Techmodo Limited is officially registered with the government in the UK, with Segaran listed as the sole director. It hasn't yet filed any meaningful accounts and the same is true for the company of the same name, also operated by Segaran, that was dissolved following a via compulsory strike-off just months earlier.

So, what we appear to have here is an official UK-registered company, which is subject to all relevant local law (both civil and criminal), being identified by plaintiffs in a US-lawsuit as the operator of an illegal site. We use the term 'illegal' here as guided by the High Court of England and Wales, which previously determined that YTS and hundreds of similar sites act illegally under civil law (at least) in the UK and should be blocked by local ISPs.

So the big questions must follow.
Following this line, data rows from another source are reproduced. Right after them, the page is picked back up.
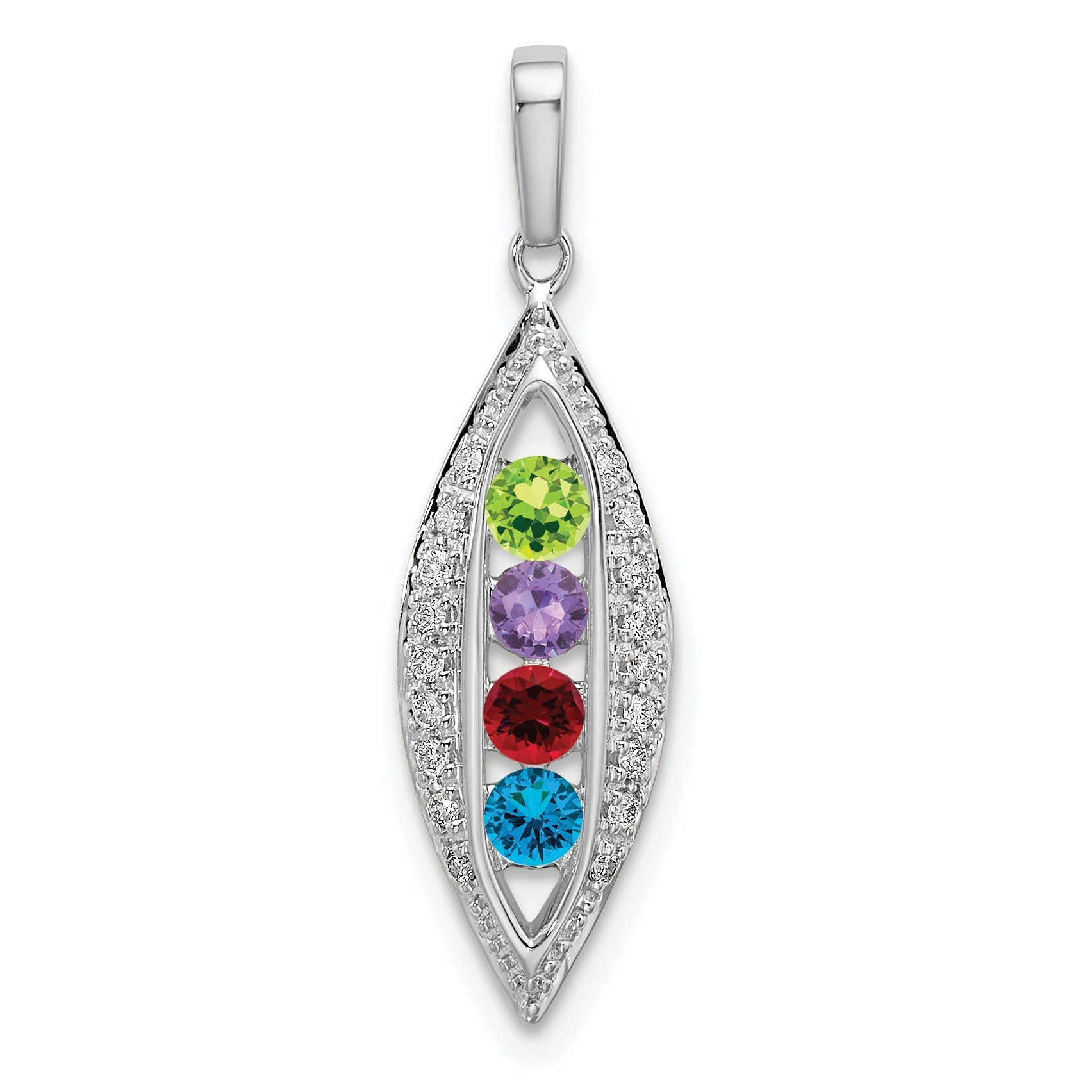 The 14K White Gold Family Jewelry Diamond Semi-Set Pendant beautifully blends elegance and personalization. This pendant features luxurious 14K white gold, showcasing a stunning diamond with a total weight of 0.090 carats. It has a semi-mount design, allowing you to customize it with your choice of center stones that represent your loved ones. The pendant measures 27 mm in length and 8 mm in width, making it the perfect accessory for any outfit. With its rhodium plating, the 14K White Gold Family Jewelry Diamond Semi-Set Pendant shines bright and lasts long, adding a touch of sophistication to your collection.
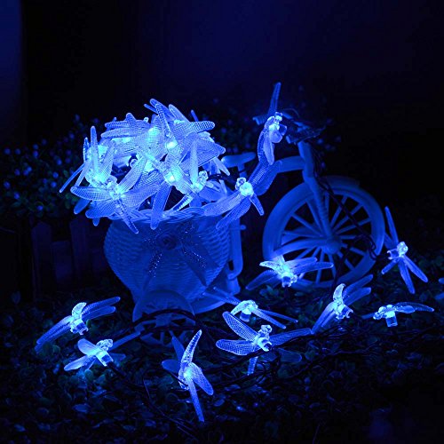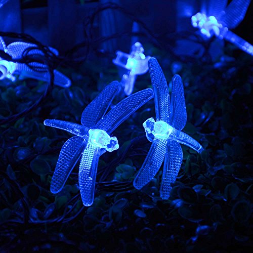 -. Title : Qedertek Outdoor Dragonfly Solar String Lights, 20ft 30 LED 8 Modes Fairy Lighting for Christmas Trees, Garden, Patio, Wedding, Party and Holiday Decorations
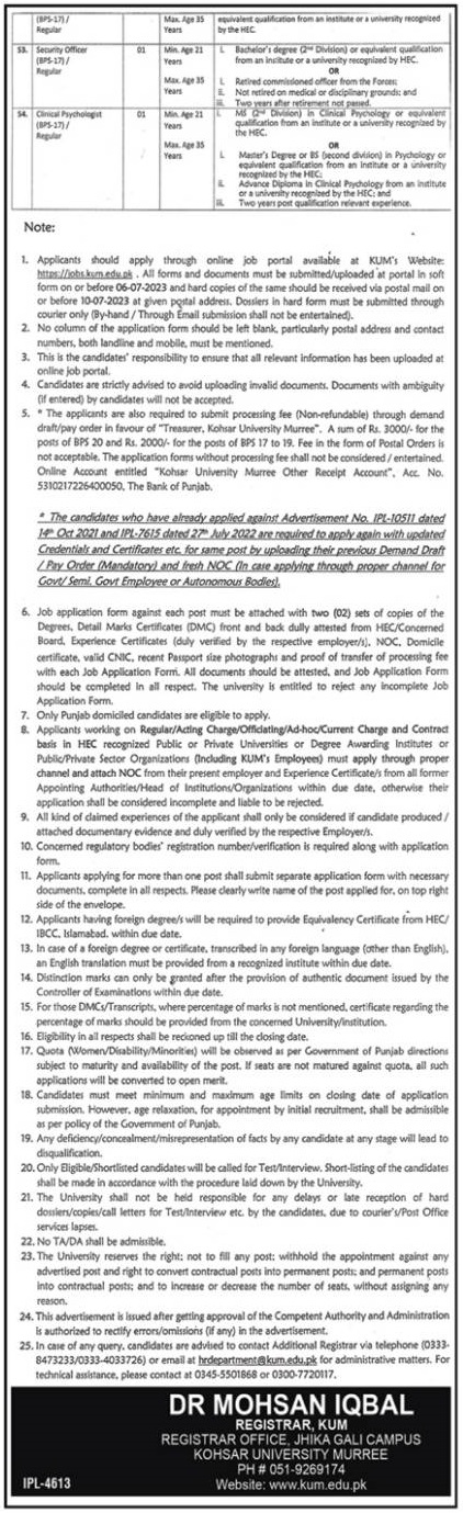 Vacancies in Kohsar University Advertisement June 2023
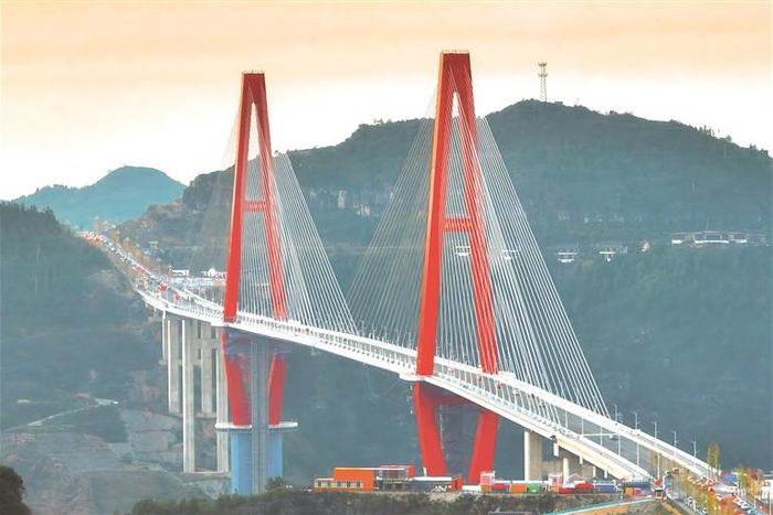 基础设施建设大踏步前进,加快融入新发展格局。2015年12月31日,随着望谟县至安龙县高速公路项目建成通车,贵州成为西部地区第一个“县县通高速公路”的省份,也是全国实现“县县通高速”的为数不多的省份之一。截至2024年,高速公路总里程突破9000公里,世界前100座高桥有近一半在贵州。2019年,率先在西部实现30户以上自然村寨全部通硬化路。截至2024年,全省高铁通车里程突破1800公里,贵阳成为全国重要高铁枢纽,形成了连接长三角、珠三角、京津冀和川渝滇的快速通道。截至2024年,全省共有11座民用机场,民用航空机场实现市州全覆盖。水利基础设施建设体系和水运大动脉加快形成。建成黔中水利枢纽、夹岩、黄家湾等一批水利工程,乌江水运全线复航,北上长江、南下珠江的水运大动脉正加快形成。作为西部陆海新通道的重要节点,打造了全国首个综保型国际陆港——贵阳国际陆港,打造了全国为数不多的综合性航空口岸——贵州“一局四中心”。
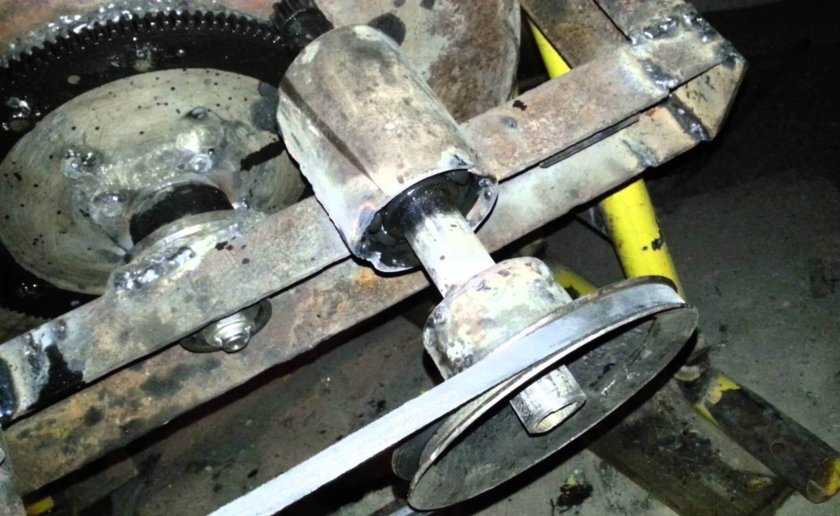 Работа по сборке бетономешалки начинается с того, что устанавливается вал, к которому крепятся металлические лопасти. Для этого используется старое место крепления двигателя. А сам вал может быть изготовлен из металлического шкива, к которому привариваются детали из металла.
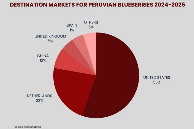 The United States currently accounts for 55% of Peruvian blueberry exports. Next in the ranking of major destinations we have the Netherlands, Hong Kong, the United Kingdom, and China. In this context, Vegas stressed that "it is important to diversify our destinations, logistics, and production window. We shouldn't be so dependent on the port of Callao, or on a single market such as the United States."

If Techmodo Limited is the operator of YTS and YTS is a site that operates illegally, it seems highly unlikely that Techmodo Limited can legally operate the YTS site in the UK. What charges or challenges it might face are matters for HMRC and possibly even the Police Intellectual Property Crime Unit because, when infringement is carried out in the course of business, it becomes a criminal offense.

Big Questions to Be Answered in Murky and Unchartered Waters

In summary, what we appear to have here is a verifiably illegal site, run through an ostensibly legal entity, collecting and processing private user information, then handing that data over to third-party overseas attorneys/media companies, ones that appear to know the legal status of the site and the company behind it. This, so that people can be approached for payments for alleged offenses that took place utilizing that illegal site.

We can only presume that Culpepper IP and its associates have done their homework, they're lawyers after all, but this business and/or legal arrangement is unorthodox, to say the very least. If a UK precedent exists determining the legality of the transfer of this kind of user data in these circumstances, we're completely unaware of it.

If nothing else, the bar seems to be set particularly low when a legal entity, Techmodo Limited, is stated to be the operator of an illegal site, one that's also supplying private information on alleged infringers that were only able to infringe because the YTS site supplied the torrent files in the first place. Quite remarkable.

Copyright experts, privacy buffs, and company law lawyers on both sides of the pond are invited to write in with an opinion on the implications of this massive conundrum because this goes way, way beyond anything we've ever seen before.